Extremely hard ceramic compound

Boron carbide (chemical formula approximately B_{4}C) is an extremely hard boron–carbon ceramic, a covalent material used in tank armor, bulletproof vests, engine sabotage powders,
as well as numerous industrial applications. With a Vickers hardness of >30 GPa, it is one of the hardest known materials, behind cubic boron nitride and diamond.

== History==
Boron carbide was first noticed by Henri Moissan (Nobel Prize of chemistry in 1906) in 1894 as a by-product of reactions involving metal borides, but its chemical formula was unknown.

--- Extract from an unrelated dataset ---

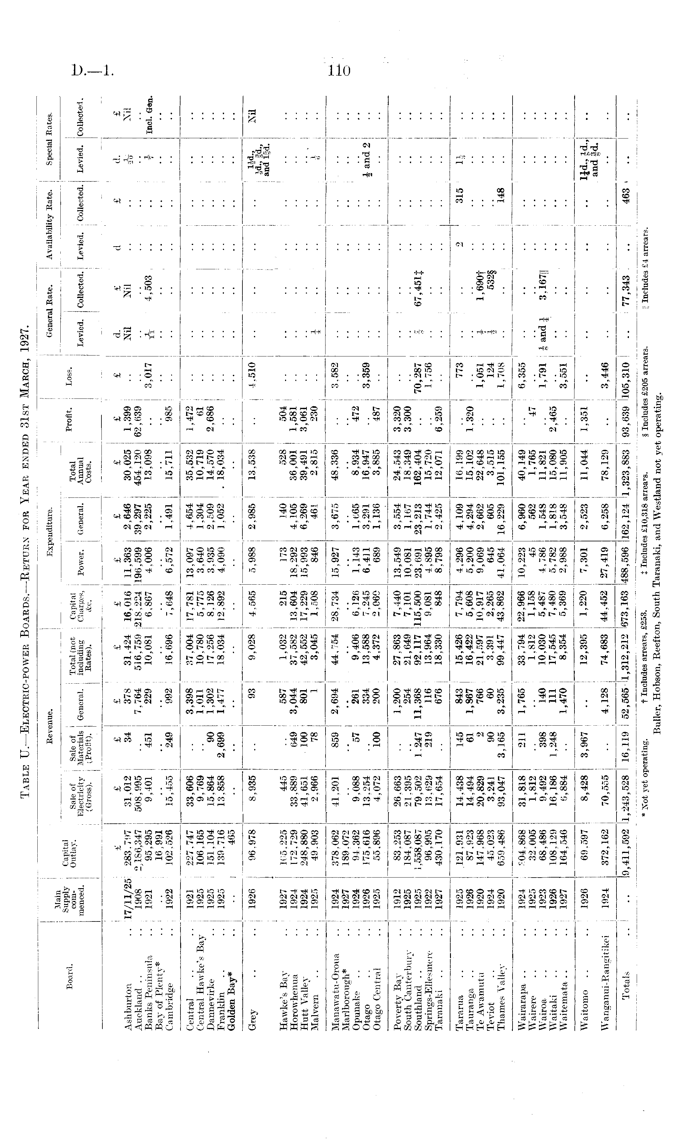 Revenue. Expenditure. General Rate. Availability Rate. Special Rates. Main I : | Supply Capital | 1 Profit Tn« I ■ BoarcU com- Outlay. Sale of , Sale of j j Total (not j Capital i | Total r * -L-os^. menced. Electricity J Materials i General. ! including 1 Charges, 1 Power. ! General, j Annual Levied. Collected. Levied. I Collected. Levied. (Collected. (Gross)/ i (Profit), j j Rates). &c. j j j Costs. . . r j £ £ £ £ £ £'£ £ I £ £ £ d. £ d £d. £ Ashburton .. 17/11/25 283,797 31,012 34 378 31,424 16,016 11,363 2,646 30,025 1,399 .. Nil Nil .. .. Nil Auckland.. .. 1908 2,186,347 508,995 .. 7,764 516,759 218,224 196,599 39,297 454.120 62,639 Banks Peninsula .. 1921 95,295 9,401 451 229 10,081 6,867 4.006 2,225 13,098 .. j 3,017 4,503 .. .. \ Bid. Gen. Bay Of Plenty* .. .. 16,991 Cambridge ' .. 1922 102,526 15,455 249 992 16.696 7,648 6,572 1.491 15,711 985 Central .. .. 1921 227,747 33,606 3,398 37,004 17,781 13,097 4,654 35,532 1,472 Central Hawke's Bay 1925 106.165 9.769 .. 1.011 10,780 5,775 3.640 1.304 10,719 61 .. .. .. j Dannevirke j 1925 151.104 15.864 90 1,302 17.256 8,126 3.935 2,509 14,570 2,686 .. .. Franklin .. .. 1925 139.716 13.858 2,699 1,477 18.034 12.892 4,090 1,052 . 18,034 Golden Bay* .. .. | 465 Grey .. .. 1926 96.978 8.935 .. 93 9,028 4,565 5,988 2.985 13,538 .. 4.510 .. .. .. .. lid-, Nil J i | | j id., -id., and l§d. Hawke's Bay .. 1927 105,225 445 .. 587 1,032 215 173 140 528 504 .. .. .. .. Horowhenua .. 1924 172.729 33.889 649 3,044 37,582 13,604 18,292 4,105 36,001 1,581 Hutt Valley .. 1924 248,880 41,651 100 801 42,552 17,229 15,993 6,269 39,491 3,061 Malvern ... 1925 49.903 2.966 78 1 , 3,045 1,508 846 461 2,815 230 .. | .. .. .. } s Manawatu-Oroua .. | 1924 378.062 41.201 859 2,694 44,754 28,734 15,927 3,675 48.336 .. j 3,582 J Marlborough* .. 1927 189.072 .. .. .. .. .. .. .. .. .. .. .... Opunake .. .. 1924 94.362 9.088 57 261 9,406 6,126 1,143 1,665 8,934 472 .. .. .. .. .. .. Otago .. .. 1926 175,616 13.254 .. 334 13,588 7,245 6.411 3,291 16,947 .. 3,359 .. .. .. .. i and 2 Otago Central .. ! 1925 55.896 4,072 100 200 4.372 2,060 689 1,136 3,885 487 .. .. .. .. .. .. j : : , : J Poverty Bay .. ! 1912 83,253 26.663 .. 1,200 27,863 7,440 13,549 3,554 24.543 3,320 South Canterbury .. 1925 184,087 21.395 .. 254 21,649 7,101 10,081 1,167 18,349 3,300 Southland .. ' .. 1925 1,558.087 79,502 1.247 11,368 92.117 115,500 23,691 23,213 162,404 .. 70,287 g 67,451{ Springs-EUesmere .. j 1922 96,995 13,629 219 116 13,964 9,081 4,895 1,744 15,720 .. 1,756 Taranaki .. ... 1927 430,170 17,654 .. 676 18,330 848 8.798 2.425 12,071 6,259 .. .. .. .. j .. Tararua .. .. I 1925 121,931 14,438 145 843 15,426 7.794 4,296 4,109 16.199 .. 773 .. .. 2 ' 315 1J Tauranga .. .. 1926 87.923 14.494 61 1,867 16,422 5,608 5,200 4,294 15,102 1.320 TeAwamutu .. 1920 147.968 20.829 2 766 21,597 10,917 9,069 2,662 22,648 .. 1,051 i 1,690+ Teviot .. .. 1924 45.023 3,241 90 60 3,391 2,265 645 605 3,515 .. 124 J 532§ Thames Valley .. 1920 659.486 93,047 3,165 3,235 99,447 43.862 41,064 16,229 101,155 .. 1,708 .. .. .. 148 Wairarapa .. .. 1924 - 04.868 31,818 211 1,765 33,794 22.966 10,223 6,960 40,149 .. 6,355 Wairere .. .. 1925 32.005 1,812 .. .. 1.812 1,158 45 562 1.765 47 Wairoa .. .. 1923 68,486 9,492 398 140 10.030 5,487 4,786 1,548 11,821 .. 1,791 J and J 3.167|| Waitaki .. .. 1926 108.129 16,186 1.248 111 17,545 7,480 5,782 1,818 15,080 2,465 .. .. Waitemata.. .. 1927 164,546 6,884 .. 1,470 8,354 5,369 2,988 3,548 11,905 .. 3,551 Waitomo .. .. 1926 69.597 8,428 3,967 .. 12,395 1,220 7,301 2,523 11,044 1,351 .. .. .. .. .. l£d., Jd., and §d. Wanganui-Rangitikei j 1924 372,162 70,555 .. 4,128 74,683 44.452 27,419 6,258 78,129 .. 3,446 Totals .. 1 .. 9,411,592 1,243,528 16,119 i 52,565 1,312,212 673,163 488,596 162,124 1,323,883 93,639 105,310 .. 77,343 .. 463' * Not yet operating. t Includes arrears, £253. i Includes £10,318 arrears. § Includes £205 arrears. || Includes £4 arrears. Buller, Hobson, Reefton, South Taranaki, and Westland not yet operating.

It was not until the 1930s that the chemical composition was estimated as B_{4}C.
Controversy remained as to whether or not the material had this exact 4:1 stoichiometry, as, in practice the material is always slightly carbon-deficient with regard to this formula, and X-ray crystallography shows that its structure is highly complex, with a mixture of C-B-C chains and B_{12} icosahedra.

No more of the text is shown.